Let's create a SomethingWeird
object that defines a vanilla Scala function, a Spark SQL function, and a custom DataFrame transformation.
import org.apache.spark.sql.functions._
object SomethingWeird {
// vanilla Scala function
def hi(): String = {
"welcome to planet earth"
}
// Spark SQL function
def trimUpper(col: Column) = {
trim(upper(col))
}
// custom DataFrame transformation
def withScary()(df: DataFrame): DataFrame = {
df.withColumn("scary", lit("boo!"))
}
}
Let's create a DataFrame in the Spark shell and run the trimUpper()
and withScary()
functions.
val wordsDF = Seq(
("niCE"),
(" CaR"),
("BAR ")
).toDF("word")
wordsDF
.withColumn("trim_upper_word", SomethingWeird.trimUpper(col("word")))
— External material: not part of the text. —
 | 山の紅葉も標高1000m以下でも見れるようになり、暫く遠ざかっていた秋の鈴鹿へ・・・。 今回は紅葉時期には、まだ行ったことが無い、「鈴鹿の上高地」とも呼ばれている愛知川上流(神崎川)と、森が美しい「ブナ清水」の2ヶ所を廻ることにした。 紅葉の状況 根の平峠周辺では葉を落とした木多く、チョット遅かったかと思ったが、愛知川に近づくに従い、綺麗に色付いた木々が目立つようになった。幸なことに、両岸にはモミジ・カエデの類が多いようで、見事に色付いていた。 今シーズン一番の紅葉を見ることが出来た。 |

.transform(SomethingWeird.withScary())
.show()
+-----+---------------+-----+
| word|trim_upper_word|scary|
+-----+---------------+-----+
| niCE| NICE| boo!|
| CaR| CAR| boo!|
|BAR | BAR| boo!|
+-----+---------------+-----+
Objects are useful for grouping related Spark functions.
trait
Traits can be mixed into objects to add commonly used methods or values. We can define a SparkSessionWrapper
trait
that defines a spark
variable to give objects easy access to the SparkSession
object.
import org.apache.spark.sql.SparkSession
trait SparkSessionWrapper extends Serializable {
lazy val spark: SparkSession = {
SparkSession.builder().master("local").appName("spark session").getOrCreate()
}
}
The Serializable
trait is mixed into the SparkSessionWrapper
trait.
Let's create a SpecialDataLake
object that mixes in the SparkSessionWrapper
trait to provide easy access to a data lake.
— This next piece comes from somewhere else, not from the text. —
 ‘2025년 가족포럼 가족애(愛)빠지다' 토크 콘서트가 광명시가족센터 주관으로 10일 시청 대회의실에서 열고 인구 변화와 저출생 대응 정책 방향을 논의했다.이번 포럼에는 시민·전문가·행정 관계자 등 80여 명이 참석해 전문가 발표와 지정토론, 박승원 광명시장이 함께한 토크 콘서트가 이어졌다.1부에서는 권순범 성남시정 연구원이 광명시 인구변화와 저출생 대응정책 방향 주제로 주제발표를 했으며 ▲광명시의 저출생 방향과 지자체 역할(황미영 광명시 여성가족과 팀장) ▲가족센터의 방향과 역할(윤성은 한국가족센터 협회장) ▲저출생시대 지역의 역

object SpecialDataLake extends SparkSessionWrapper {
def dataLake(): DataFrame = {
spark.read.parquet("some_secret_s3_path")
}
}
package
Packages are used to namespace Scala code. Per the Databricks Scala style guide, packages should follow Java naming conventions.
For example, the Databricks spark-redshift project uses the com.databricks.spark.redshift
namespace.
The Spark project used the org.apache.spark
namespace. spark-daria uses the com.github.mrpowers.spark.daria
namespace.
Here an example of code that's defined in a package in spark-daria
:
package com.github.mrpowers.spark.daria.sql
import org.apache.spark.sql.Column
import org.apache.spark.sql.functions._
object functions {
def singleSpace(col: Column): Column = {
trim(regexp_replace(col, " +", " "))
}
}
The package structure should mimic the file structure of the project.
Implicit classes
Implicit classes can be used to extend Spark core classes with additional methods.
Let's add a lower()
method to the Column
class that converts all the strings in a column to lower case.
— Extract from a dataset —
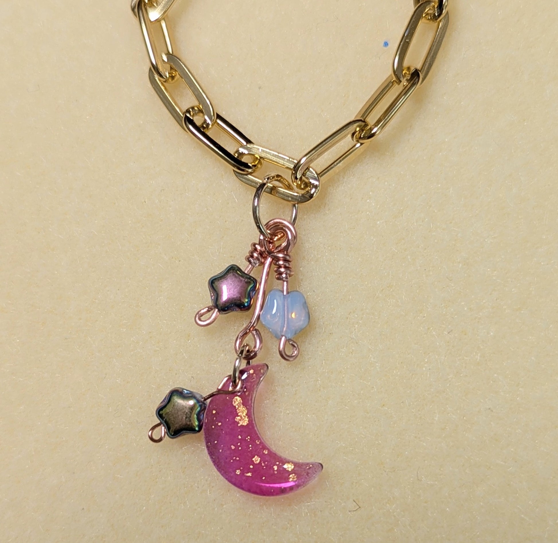 Dress up your tumbler with my handmade chain charms, featuring stars and a moon, in a unique mix of metals.

package com.github.mrpowers.spark.daria.sql
import org.apache.spark.sql.Column
object FunctionsAsColumnExt {
implicit class ColumnMethods(col: Column) {
def lower(): Column = {
org.apache.spark.sql.functions.lower(col)
}
}
}
After running import com.github.mrpowers.spark.daria.sql.FunctionsAsColumnExt._
, you can run the lower()
method directly on column objects.
col("some_string").lower()
Implicit classes should be avoided in general. I only monkey patch core classes in the spark-daria project. Feel free to send pull requests if you have any good ideas for other extensions.
Next steps
There are a couple of other Scala features that are useful when writing Spark code, but this blog post covers 90%+ of common use cases.
You don't need to understand functional programming or advanced Scala language features to be a productive Spark programmer.
In fact, staying away from UDFs and native Scala code is a best practice.
Focus on mastering the native Spark API and you'll be a productive big data engineer in no time!